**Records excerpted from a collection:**
*** Block opens ***
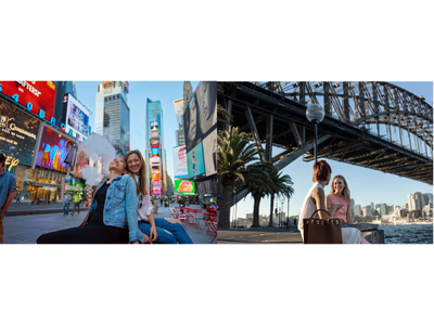 渡航先となる米ニューヨーク(左)と豪シドニー(右)
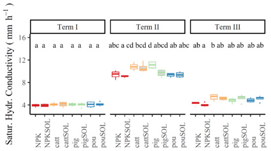 Figure 3. Saturated hydraulic conductivity within variants during the three investigated seasons. Error bars indicate the standard deviation, and letters represent multiple comparisons according to the results of Tukey’s HSD test.
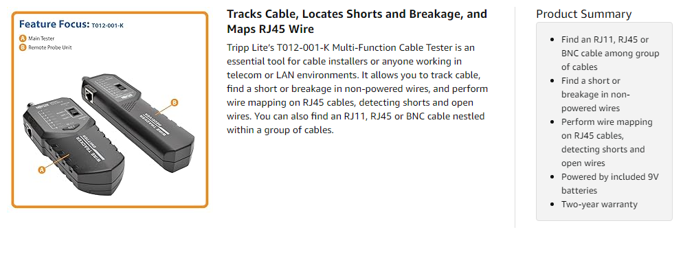 The T012-001-K is powered by included 9-volt batteries in the main tester and remote probe unit. The probe unit’s LED flashlight is handy for working in dark areas. Included headphones help you work in noisy environments. An adjustable volume button lets you fine-tune the tone generator. When not in use, the T012-001-K can be stored in its carrying case.
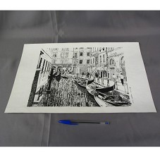 DESENHO (33,5X28 CM) A NANQUIM, SOBRE CANSON CREME. RETRATA RIO DE VENEZA, COM GÔNDOLAS À MARGEM DA CALÇADA E EDIFICAÇÕES. NO LATERAL INFERIOR DIREITA, 'ENZO NATELLA / 20 VIII 95'. ACONDICIONADO EM PASTA PLÁSTICA.
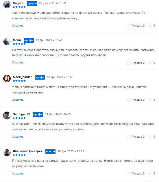Как можно понять, некоторые из отзывов носят положительный окрас, а с некоторыми негативными мы не согласны. Рекомендуем перед началом сотрудничества прочитать не только отзывы, но и пользовательское соглашение, а также информацию, описанную как в сторону бонусов, так и работы торговой площадки. В целом, средняя оценка 4 звезды из 5, что означает надежность биржи HTX (ex. Huobi), являющаяся одним из лидеров.
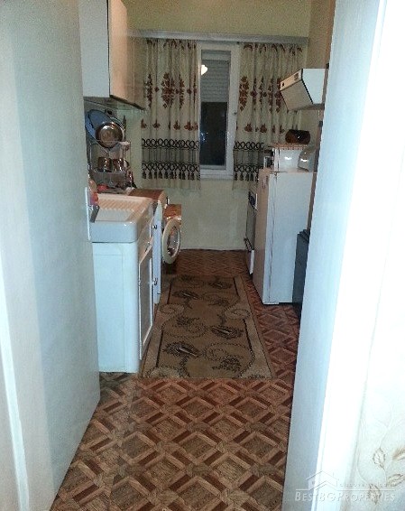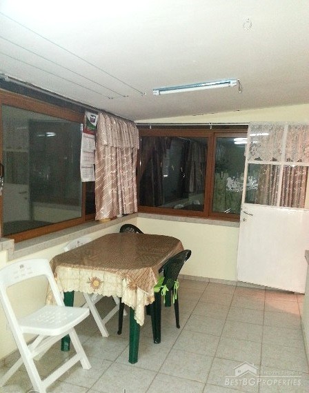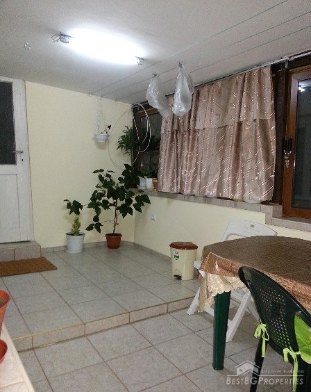 The house has total living area of 75 sq m, on two floors. On the upper floor there are two bedrooms, kitchen, L-shaped hallway with wooden flooring, bathroom with WC and a large glazed terrace. There are solar panels on the roof. Two of the rooms have windows with shutters. Downstairs there are another two rooms, a sink in the corridor and a closet. The rooms are furnished.
*** Block closes ***
Give back all of the entries verbatim, but without pictures.

**Answer box:**
 渡航先となる米ニューヨーク(左)と豪シドニー(右)
 Figure 3. Saturated hydraulic conductivity within variants during the three investigated seasons. Error bars indicate the standard deviation, and letters represent multiple comparisons according to the results of Tukey’s HSD test.
 The T012-001-K is powered by included 9-volt batteries in the main tester and remote probe unit. The probe unit’s LED flashlight is handy for working in dark areas. Included headphones help you work in noisy environments. An adjustable volume button lets you fine-tune the tone generator. When not in use, the T012-001-K can be stored in its carrying case.
 DESENHO (33,5X28 CM) A NANQUIM, SOBRE CANSON CREME. RETRATA RIO DE VENEZA, COM GÔNDOLAS À MARGEM DA CALÇADA E EDIFICAÇÕES. NO LATERAL INFERIOR DIREITA, 'ENZO NATELLA / 20 VIII 95'. ACONDICIONADO EM PASTA PLÁSTICA.
Как можно понять, некоторые из отзывов носят положительный окрас, а с некоторыми негативными мы не согласны. Рекомендуем перед началом сотрудничества прочитать не только отзывы, но и пользовательское соглашение, а также информацию, описанную как в сторону бонусов, так и работы торговой площадки. В целом, средняя оценка 4 звезды из 5, что означает надежность биржи HTX (ex. Huobi), являющаяся одним из лидеров.
 The house has total living area of 75 sq m, on two floors. On the upper floor there are two bedrooms, kitchen, L-shaped hallway with wooden flooring, bathroom with WC and a large glazed terrace. There are solar panels on the roof. Two of the rooms have windows with shutters. Downstairs there are another two rooms, a sink in the corridor and a closet. The rooms are furnished.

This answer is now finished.